▶ Task requirements
Copy the closing run of lines, from the one with "CC Sneaker Thick-Soled" through the last line of the listing, exactly and without any pictures.
====== Supplied material
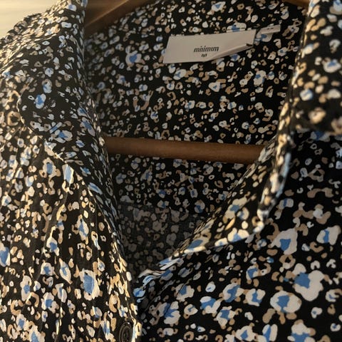 Størrelse 44. Normale eller litt liten/kort? i størrelsen. Knapper ned til strammesnor i livet. Knapper nede på mansjettene på armene.
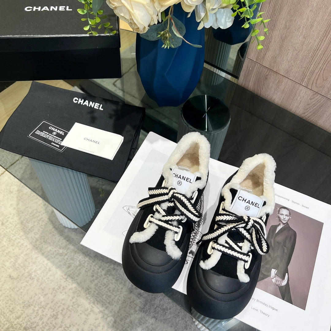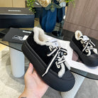 CC Sneaker Thick-Soled Black Suede Wool Lining Fleece
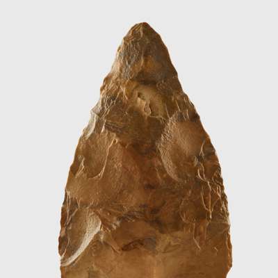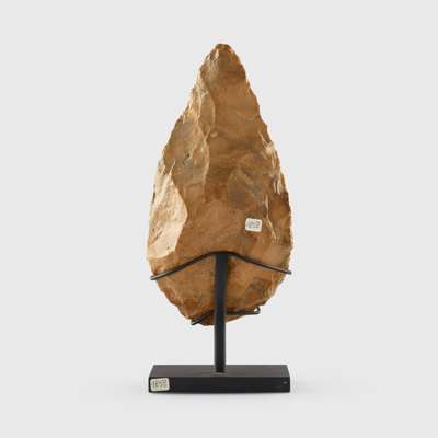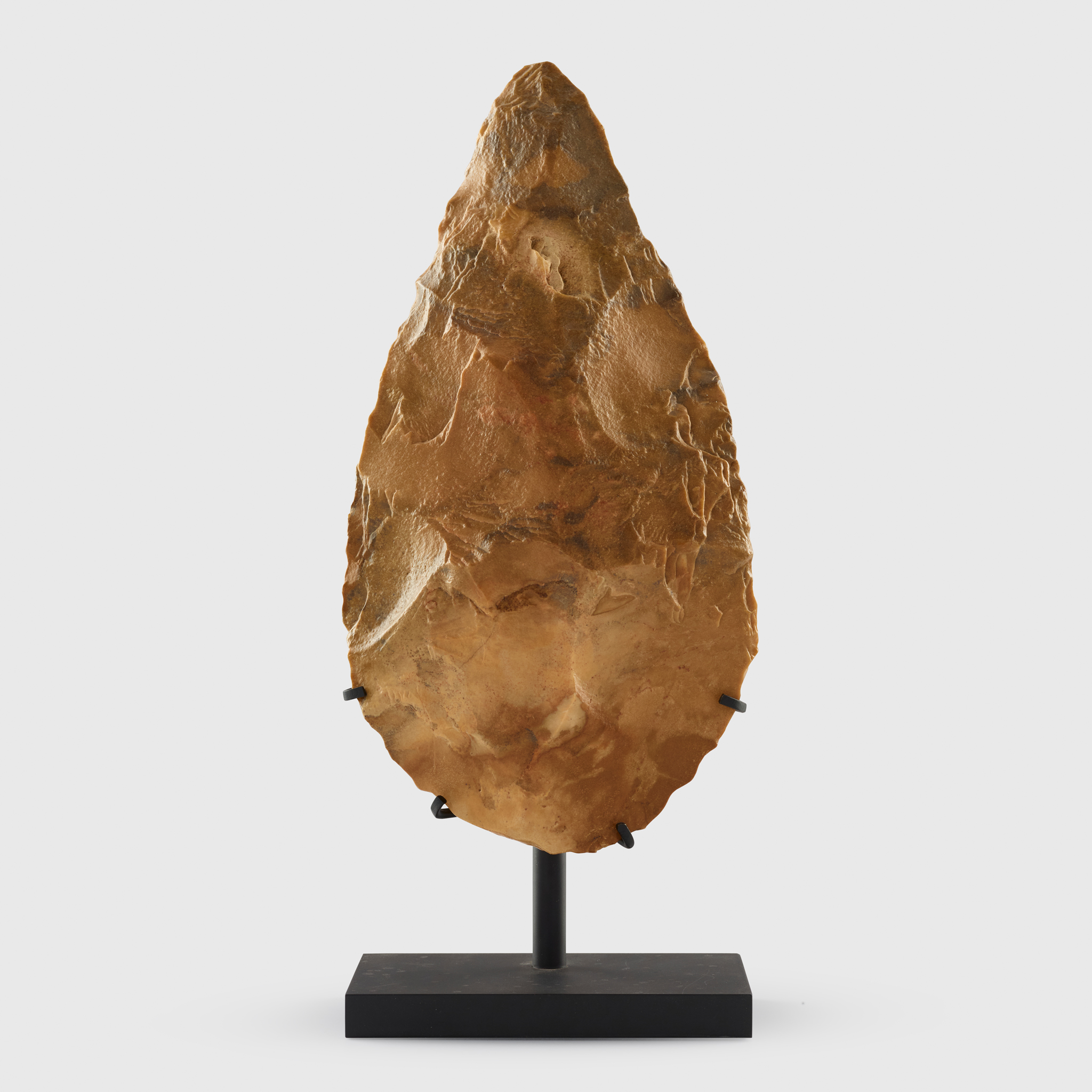 This Acheulean handaxe, with its sand blasted patination coming as the result of centuries of exposure to the Saharan environment, dates to around 250,000 B.C. It was used for tasks such as digging, chopping, and butchering.
============
▶ Answer for this exercise
 CC Sneaker Thick-Soled Black Suede Wool Lining Fleece
 This Acheulean handaxe, with its sand blasted patination coming as the result of centuries of exposure to the Saharan environment, dates to around 250,000 B.C. It was used for tasks such as digging, chopping, and butchering.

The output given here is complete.